What happens if you apply for life insurance, but you aren’t in the best shape?

More than 50% of our Stangen Life policyholders are female, so we know for a fact that more and more South African women are buying life insurance.

If you haven’t decided to take out life cover yet, it’s probably because you have a few unanswered questions floating around in your head.

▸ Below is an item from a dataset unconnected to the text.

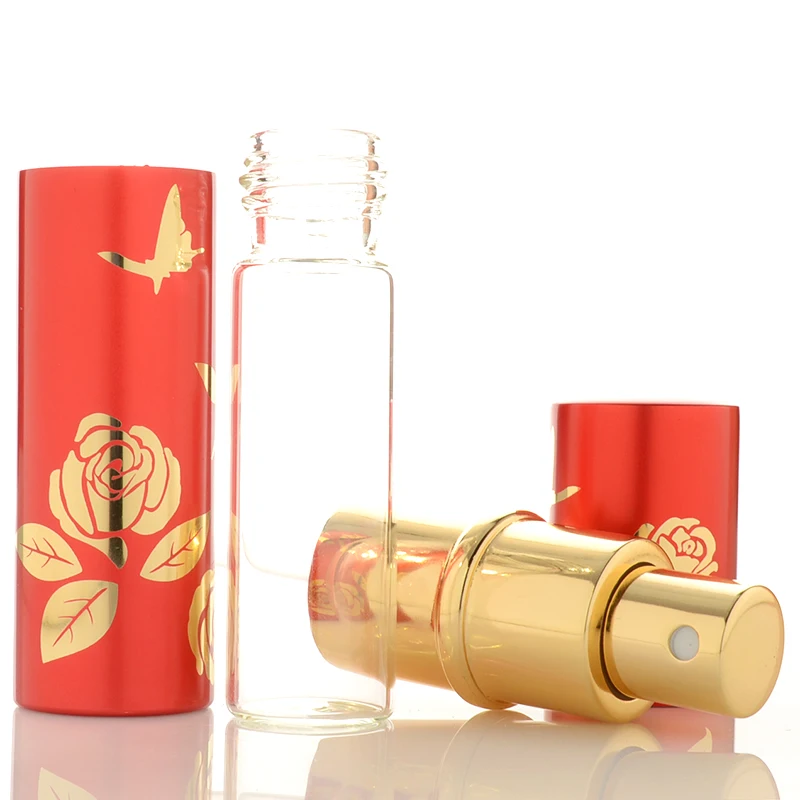 Роскошный стеклянный флакон для духов 10 мл, пустая алюминиевая многоразовая бутылка, портативный металлический распылитель, 6 цветов

One of them might well be “I’m not super-healthy right now, so how will this influence my life cover application?”

It’s a good question and one that comes up very often, so we thought it would be worth discussing it in this week’s article.

When you take out a life insurance policy, you are entering into a contract (policy) with a life insurer. On the one hand, the life insurer promises to pay out a predetermined Rand amount to your nominated beneficiary when you pass on, and in exchange for that, you are going to pay a premium every month. Over and above your monthly contributions, part and parcel of holding up your end of the bargain is that you are 100% truthful at the application stage when it comes to your health and any pre-existing conditions you may have, regardless of how far back they date.

Why is all this medical information so important? And why do you need to disclose everything?

Remember that the life insurance company doesn’t know anything about you, but you are asking them to write out a big cheque to someone if you pass away. If the shoe was on the other foot, and you were the one tasked with writing out the big cheque, wouldn’t you want to find out how healthy the applicant is at the outset?

Life insurance companies need to gauge your health so they can price their rates accordingly (know what they should be charging you for your life cover). When you call a life insurance company for a quote, they are going to ask you a few simple questions so they can give you a base level quote.

  1. Your age
  2. Your gender
  3. Your smoking status
  4. Your highest qualification
  5. Your gross monthly income

Click here for a quick quote on the Stangen website.

But this is only a preliminary quote because the insurer will need to run through a series of more comprehensive medical questions before they can grant you the standard rates.

The list of underwriting questions might differ from one life insurer to the next, but ultimately this is what they are looking for:

  1. Have you been ill over the last 5 years and if YES what were you suffering from?
  2. Have you ever been diagnosed with cancer, suffered from a heart attack or had a stroke?
  3. Do you have a history of family illness?
  4. What is your height and weight (Body Mass Index)
  5. Do you consume alcohol and/or smoke and if YES how many units of alcohol do you drink per week and how many cigarettes do you smoke per day?
  6. Do you participate in any hazardous activities like skydiving?
  7. What is your occupation and is it hazardous?
  8. Are you HIV positive?
  9. Are you planning any future hospital stays?
  10. Have you had any other major health incidents over the past decade?

Based on the answers to those questions, the underwriter (in most cases a sophisticated actuarial software programme) will give you one of three potential outcomes:

  1. You qualify for life cover at standard rates
  2. You qualify for life cover, but your premium has been loaded
  3. You don’t qualify for life cover at all (declined)

Let’s take a closer look at what each of these outcomes mean.

If you qualify for life cover at standard rates (the rates offered to you when you answer those 5 quick questions) then it means the life insurer is happy with you as a risk. The amount quoted right at the start of your conversation with the sales agent will be offered to you.

If your premium gets “loaded”, it means you will still have the life cover, but the insurance company is asking you to pay more than your original quote and that’s because they picked up something in your medical questions. The answer/s presented a flag for them and because of taking on the extra risk, they want to make sure they price your cover correctly.

A flat-out decline means the life insurance company doesn’t want to take on your risk at all and it must be something serious that has come up in your questions. This seldom happens with a straight life insurance application but can happen if you bolt on other benefits like disability and critical illness.

Most of us are much healthier when we are young and taking out life insurance is also far cheaper when you’re in your 20s and 30s. It’s never going to be cheaper than it is today to secure your family’s future. Every day that you put off taking out life cover is another day that poses a risk of you getting ill and not getting standard rates, or worse yet, not being able to qualify at all.